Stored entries
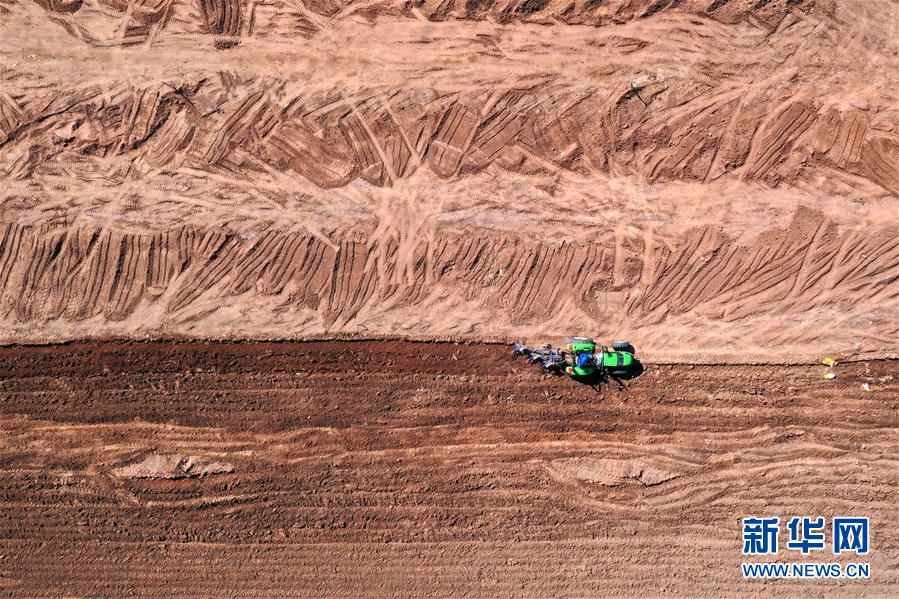 3月18日,在中国铁路太原局集团有限公司新创云竹生态农业园,农民在用农机犁地(无人机照片)。新华社记者 曹阳 摄
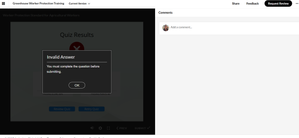 You have a submit button turned on in the player. Submit is only for a quiz question, but what is in your screenshot is the quiz result slide. If what you want is a button to close the course, you will need to add a button to the results slide and add a trigger to it to exit the course.
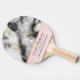 Personalised ping pong chamion paddle with an elegant and modern marbled pattern. White, black and smoky grey marble with thin ribbons of faux-gold swirls throughout the pattern. A light pink gradient background beneath the marbled pattern.
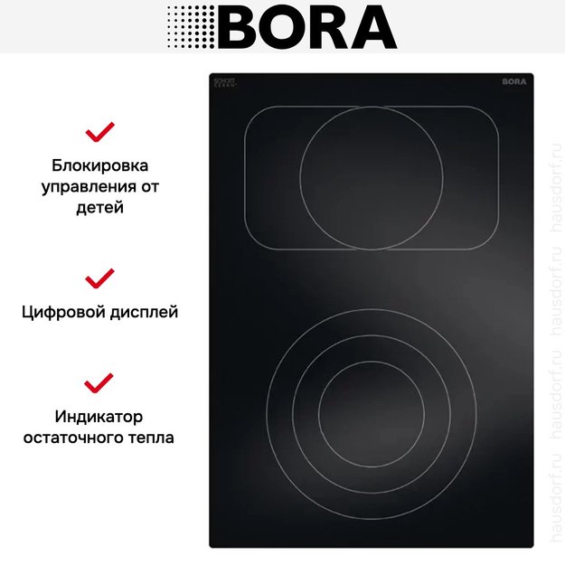 Варочная панель BORA PC3B — узкая варочная панель со стеклокерамической панелью конфорок. Модель оборудована двумя электрическими зонами нагрева с девятиступенчатой системой регулировки уровня мощности. Индикация остаточного тепла и функция защиты от детей гарантируют безопасную эксплуатацию устройства.
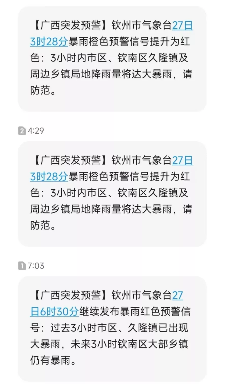 4月27日,华商报大风新闻记者联系钦州市气象台,工作人员称,27日凌晨3时20分发布暴雨红色预警后,于6时30分继续维持最高级别预警。预计今天中午过后降雨会有所减弱。
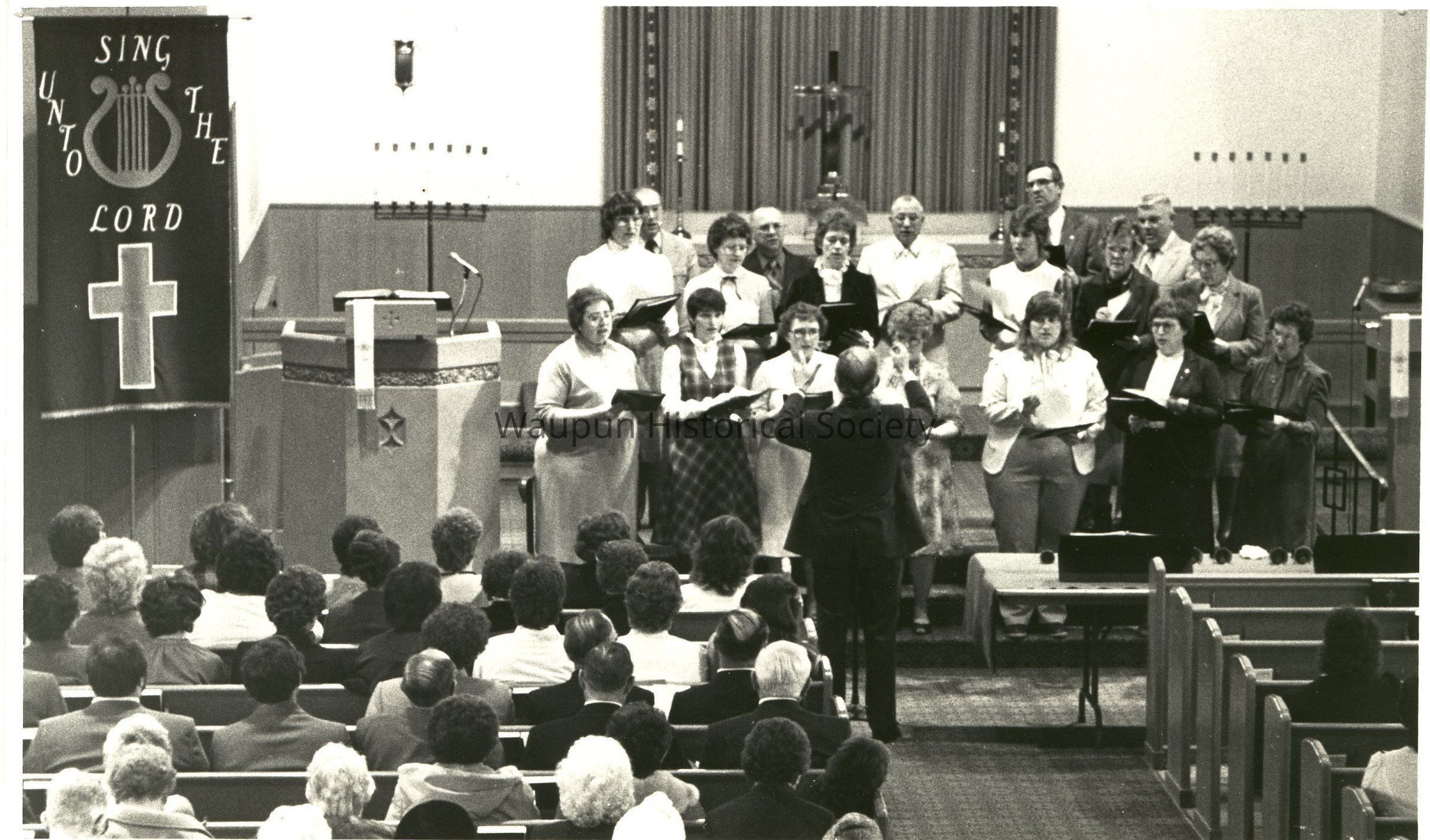 Photograph, Church, Bella Lutheran, Bach Fest. Pella Lutheran Church choir, Waupun, Edward Bernthal, Director. Feb. 19, 1985Acquisition
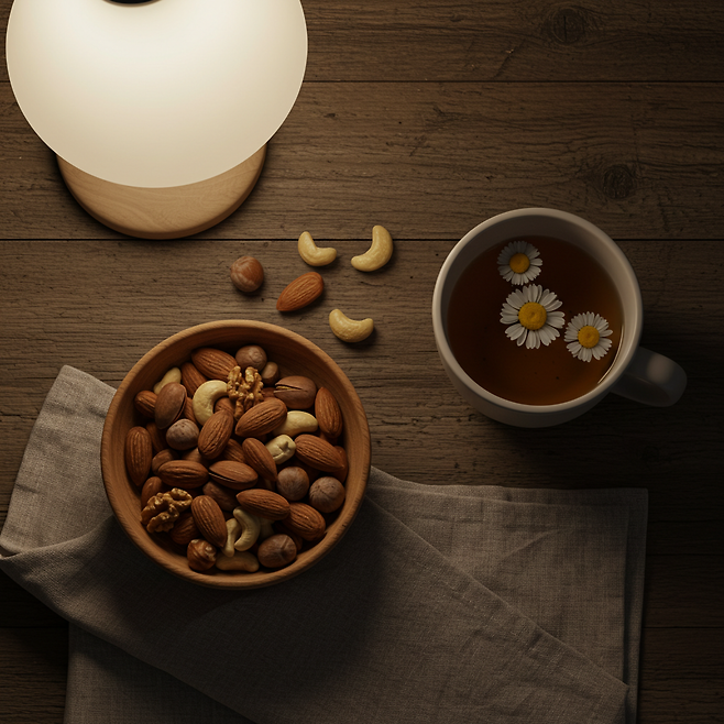 견과류는 지방과 단백질이혈당을 안정적으로 유지해주기 때문에, 밤에 먹으면 혈당 변동 없이편안하게 잠들 수 있습니다.
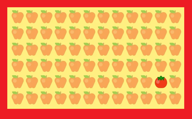 Если вы внимательно смотрели в нижний правый угол, то наверняка заметили ярко-красный помидор, скрывшийся среди оранжевых яблок.
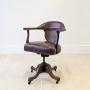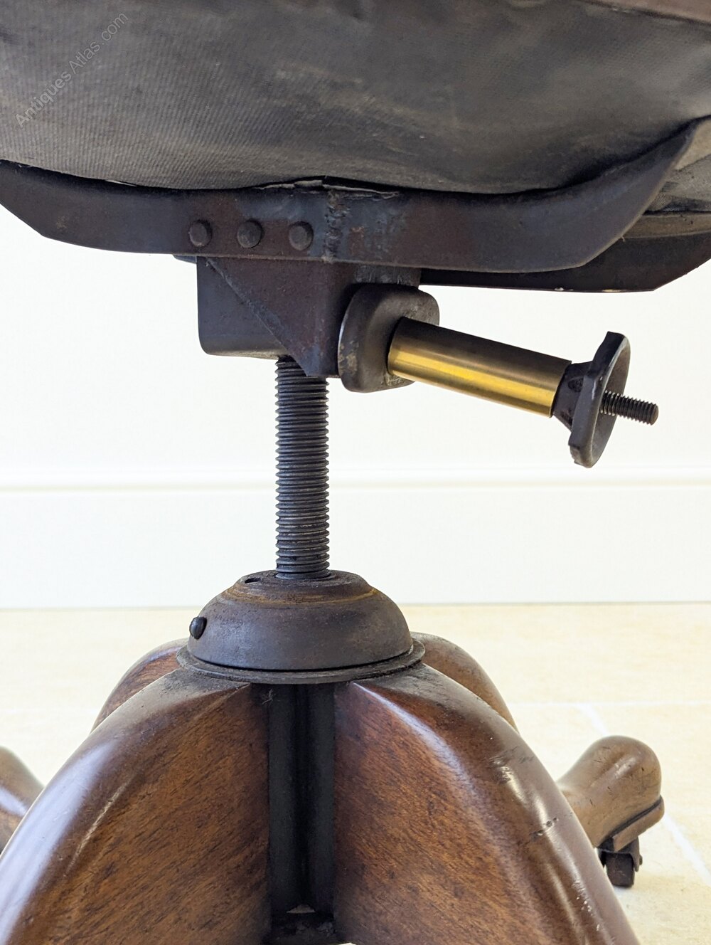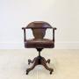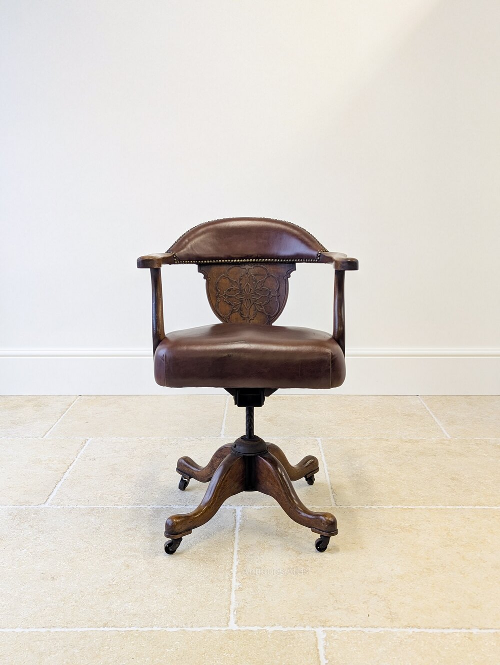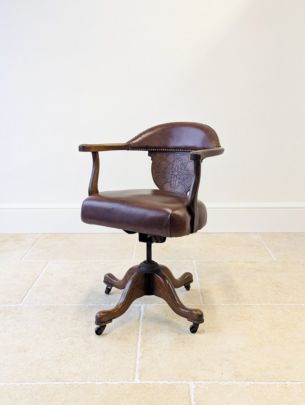A stylish Edwardian mahogany swivel desk chair retaining its original leather upholstered seat and backrest with brass stud detailing, shaped open arms and a carved splat, all raised on a four-legged base with a height-adjustable swivel mechanism and original castors.Manufactured for use in a commercial office rather than a domestic setting, the chair is particularly comfortable and designed for prolonged desk use. Today it would make a perfect desk chair in a home office or library where a characterful but practical working chair is required.

PROBLEM TO WORK ON: All lines from the beginning of the entries above to the line containing "Personalised ping pong", inclusive, should be printed exactly, apart from the pictures.

WRITTEN SOLUTION:
 3月18日,在中国铁路太原局集团有限公司新创云竹生态农业园,农民在用农机犁地(无人机照片)。新华社记者 曹阳 摄
 You have a submit button turned on in the player. Submit is only for a quiz question, but what is in your screenshot is the quiz result slide. If what you want is a button to close the course, you will need to add a button to the results slide and add a trigger to it to exit the course.
 Personalised ping pong chamion paddle with an elegant and modern marbled pattern. White, black and smoky grey marble with thin ribbons of faux-gold swirls throughout the pattern. A light pink gradient background beneath the marbled pattern.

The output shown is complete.